Other commentators have suggested that the generation of Jews who left Egypt were not ready to accept an afterlife, perhaps
because they had suffered so much from the Egyptian obsession with the world to come. So the oral tradition “discovered” it
when the Jews were ready for it.
A midrash, written after rabbinic Judaism accepted the afterlife, has Jacob and Esau debating this issue in the context of
Esau’s selling of his birthright:
Esau: “Is there a future world? Or will the dead be called back to life? If it were so, why hath not Adam returned? Hast thou
heard that Noah, through whom the world was raised anew, hath reappeared? Yea, Abraham, the friend of God, more beloved of
Him than any man, hath he come to life again?”

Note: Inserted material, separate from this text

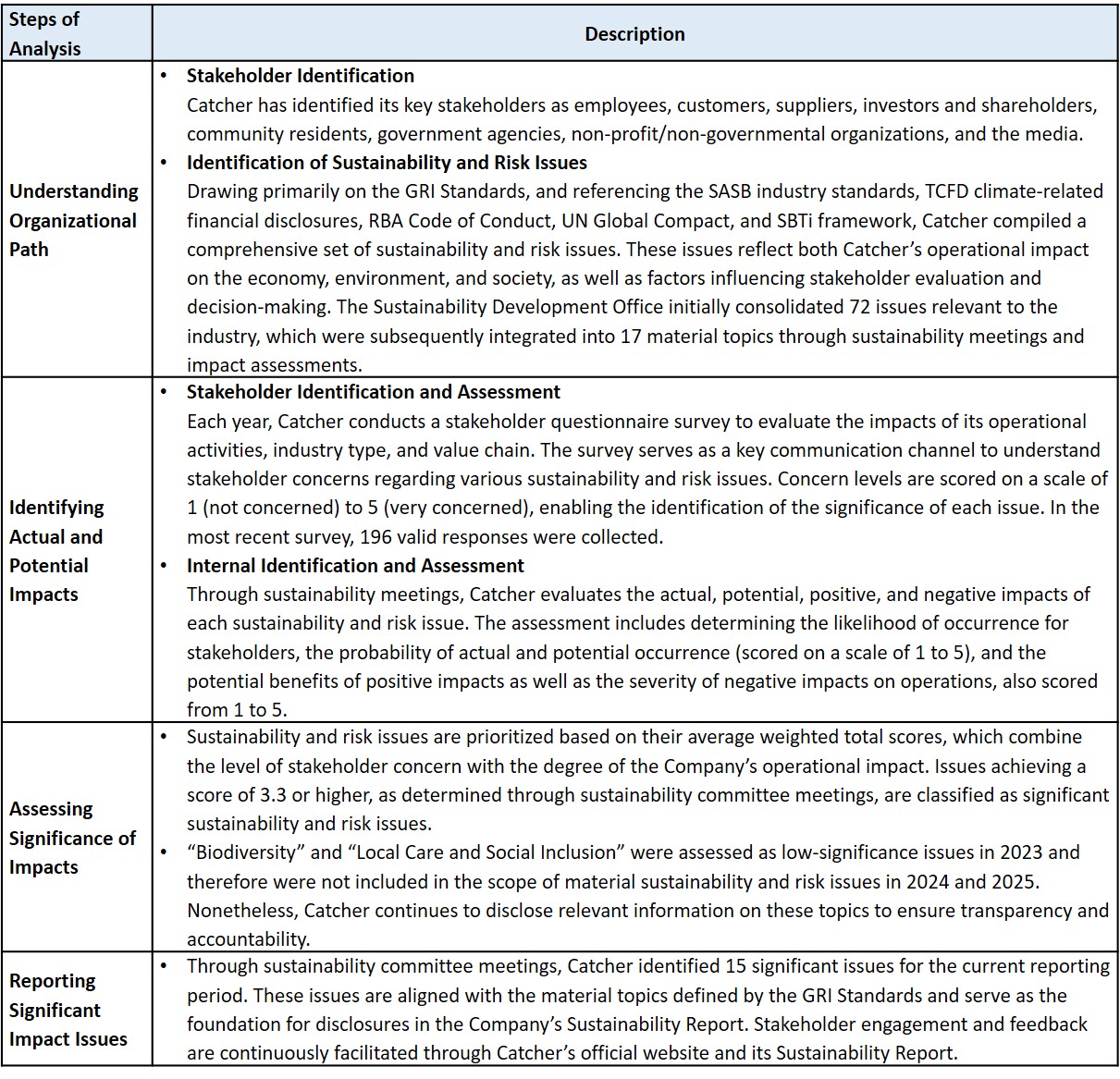 *Biodiversity and Local Care and Social Inclusion were assessed as low-significance issues in 2023 and, therefore, were not included within the scope of material sustainability and risk issues in 2024 and 2025. Nonetheless, Catcher continues to disclose relevant information on these topics to ensure transparency and demonstrate its ongoing commitment to environmental protection and community engagement.

Jacob: “If thou art of opinion that there is no future world, and that the dead do not rise to new life, then why dost thou
want thy birthright? Sell it to me, now, while it is yet possible to do so. Once the Torah is revealed, it cannot be done.

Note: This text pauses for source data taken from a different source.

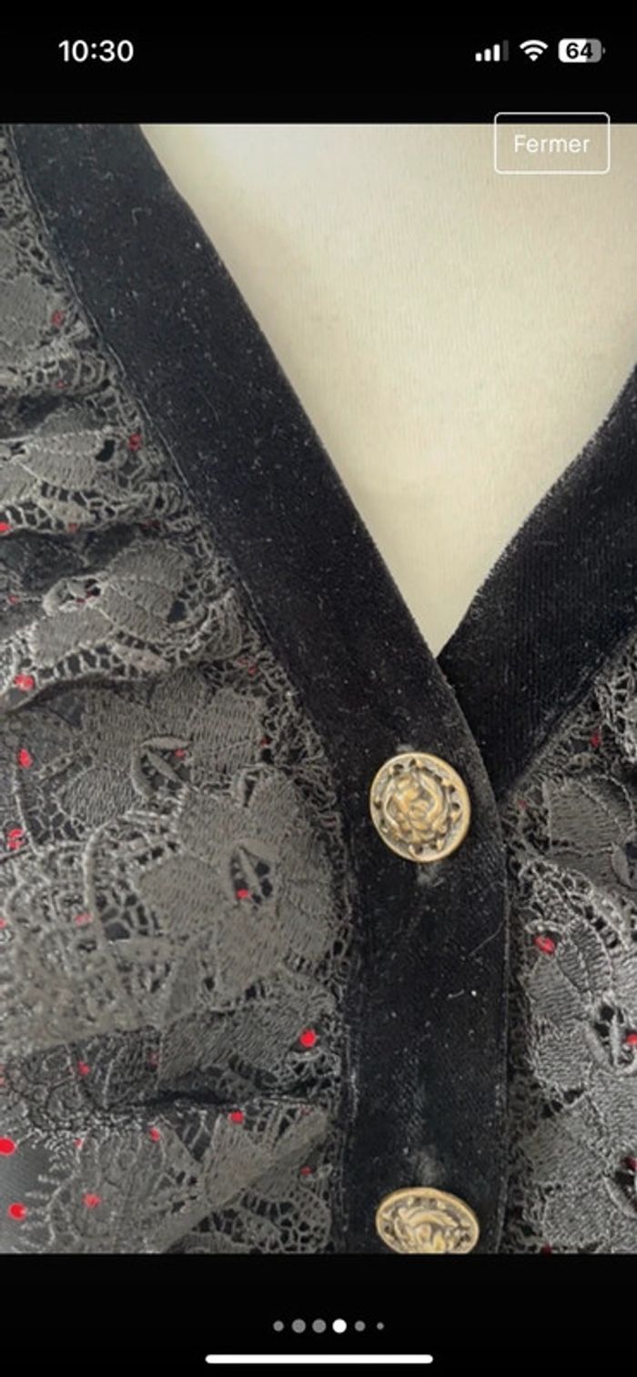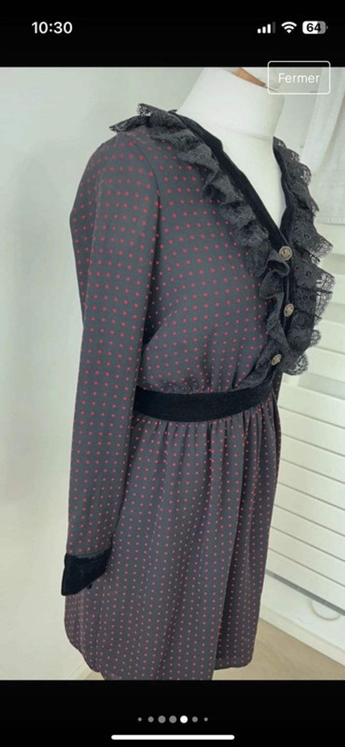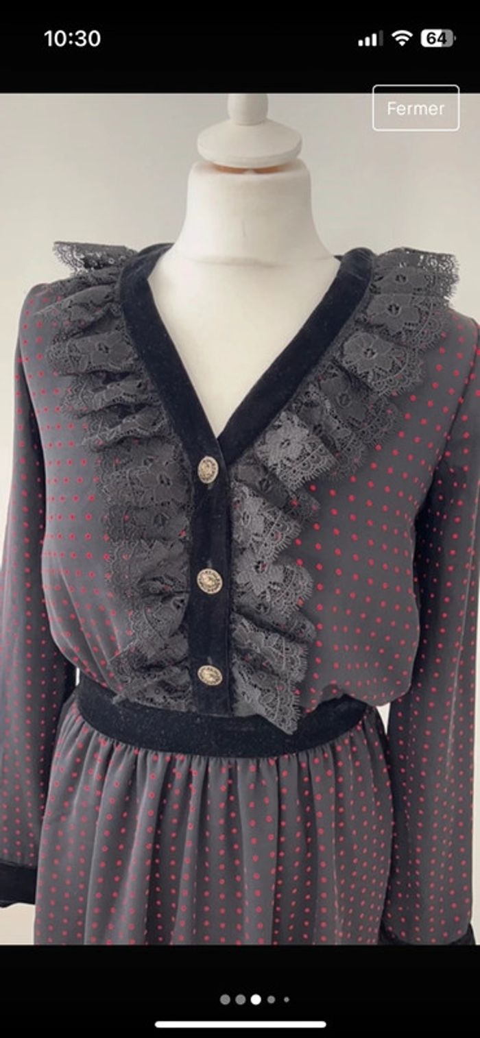 Vends jolie robe The Kooples Avec encolure velours noir et dentelle Noire à pois rouge Taille Xs Jupon pour éviter la transparence Matière qui ne froisse pas Fermeture éclair sur le côté Jamais portée #loumathikooples #loumathirobe #loumathifemmexs 🌸 envoi rapide et soigné (Sous 48h ouvrées) 🌸 n’hésitez pas à faire un tour dans mon dressing pour voir mes autres pièces 🌸 étant pro, vous ne pouvez pas créer de lot, envoyez moi un message si plusieurs articles vous intéressent, je vous créerai une annonce 🌸 n’hésitez pas à vous abonner à mon compte Vinted car j’ajoute des articles o régulièrement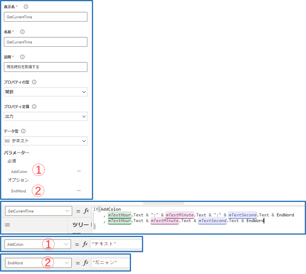 定義プロパティが「出力」の関数は、C#における関数とほとんど同じである。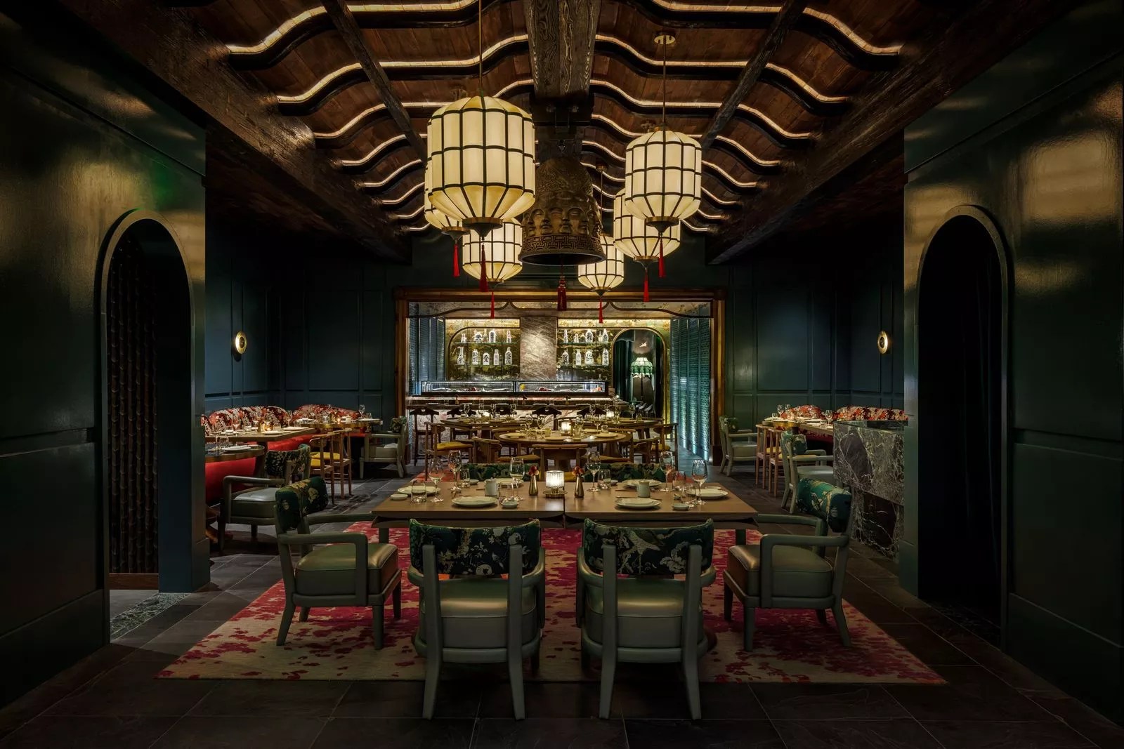 Bishop Design has created Mika’s stunning and serene dining room in Coral Gables. With natural wood tones, olive trees, and dim lighting, the room is spacious, serene, and upscale. Chinese restaurant Mimi Chinese was designed by Kayla Pongrác Studio Photo by Daniel Neuhaus

Verily, there is a future world, in which the righteous receive their reward. I tell thee this, lest thou say later I deceived
thee.”
26
The discovery of an afterlife, which neatly solves all the problems of theodicy, made it unnecessary for God to continue to
threaten or promise consequences in relation to future generations. Punishing and rewarding future generations may be necessary
in a world that includes no intimation of an afterlife, because sometimes it is simply not enough to threaten the life of
a sinner, especially when he is old and near death.
27
More severe punishment may be needed. A God who can threaten eternal damnation and promise eternal salvation does not need
to threaten a sinner’s children or promise reward for the descendants of the righteous.
In one sense, threats and promises to be carried out against future generations are the
functional equivalent
of threats and promises to be carried out in the hereafter: Both are unseen by the sinner or saint; both provide answers
to those who see sinners rewarded and saints punished in their lifetimes. In a world in which punishment and reward are bestowed
on future generations, it is possible to believe in divine justice—at least for a while—despite the obvious empirical evidence
to the contrary. Maybe
this
sinner has not been punished, but his descendants will surely be punished for him—if not in the first or second generation,
then sometime in the future. Similarly, in a world in which punishment and reward are bestowed on the sinners themselves,
but in the invisible hereafter, it is possible to believe, despite evidence that in this world sinners are often rewarded
and saints punished. Maybe he has gotten away with it
here
, but just wait until he reaches the pearly gates. Both the indeterminate future rewards and punishments for descendants here
on earth and the promise of salvation and purgatory in the hereafter share an invisibility to the generation witnessing injustice,
and invisibility permits faith to overcome empirical doubt.